Figure. Reconstruction results. (1) Spline interpolation of the pattern grid using the detected and identified feature points in an image, (2) reconstruction paths over the pattern, starting from a seed point, (3) visible area and 3D reconstruction of the surface region with feature coverage in the image, (4) surface visibility and reconstructions of the areas observed by three cameras (overlayed on the mean sphere).

High-precision calibration

The reconstruction algorithm relies on precise knowledge of the arrangement, i.e. intrinsic paremeters and exact poses of the cameras-pattern ensemble. To calibrate the system, we first use a tiny checkerboard-pattern placed on the slope of a small wedge, which is rotated around a vertical axis at the approximate future location of the eye of the patient. The precise location does not need to be known in advance. The camera intrinsics can than be calibrated individually. We estimate the coarse poses of the cameras with respect to a flat checkerboard equally visible by each camera.

Figure. 1st calibration stage: (1) checkerboard pattern fixed to a wedge for intrinsic calibration, (2) flat checkerboard pattern equally visible by each camera for relative pose estimation, (3) images collected from the calibration procedure for one of the views, (4) computed checkerboard positions relative to the same view.

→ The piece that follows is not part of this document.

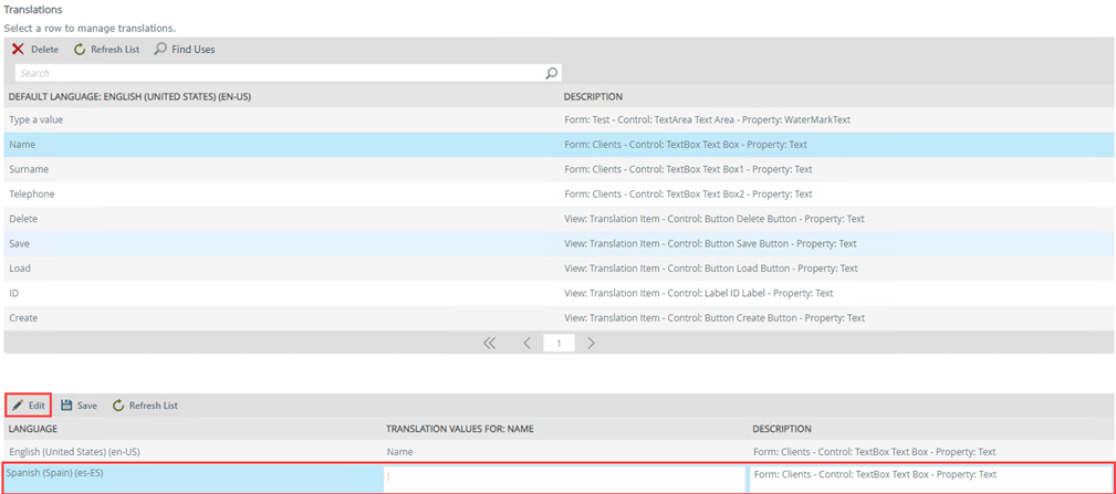 Select Spanish and click Edit as shown below. You want to add a custom translation for the Name key in Spanish (Spain) (en-ES).

The checkerboard method is not precise enough for this application. To show this, we replace the checkerboard with an artificial cornea, generate a grid pattern on the display, and backtrace the rays accross the grid points detected in the images (ray-tracing). If the model of the arrangement is precise, the rays should hit the pattern at the correct feature location. However, a significant discrepancy is observed. Therefore, in a second stage, we further optimize the poses in the camera-display arrangement (together with the pose of the artificial cornea) by minimizing these backprojection errors on the pattern.

Figure. 2nd calibration stage: (1) discrepancy between known feature points of the pattern and the back-traced locations of the feature points in the image using ray-tracing, (2) the same figure after optimizing the arrangement by minimizing ray-tracing discrepancies, (3-4) 3D model of the optimal arrangement.

Figure.The three images of the artificial cornea used for calibration and the overlayed feature points. Renderings from the same three viewpoints based on the optimal 3D arrangement using our ray-tracer developed in Matlab. The top part of the heimsphere (corresponding to the cornea) is identical in the simulation and in reality, showing a precise calibration.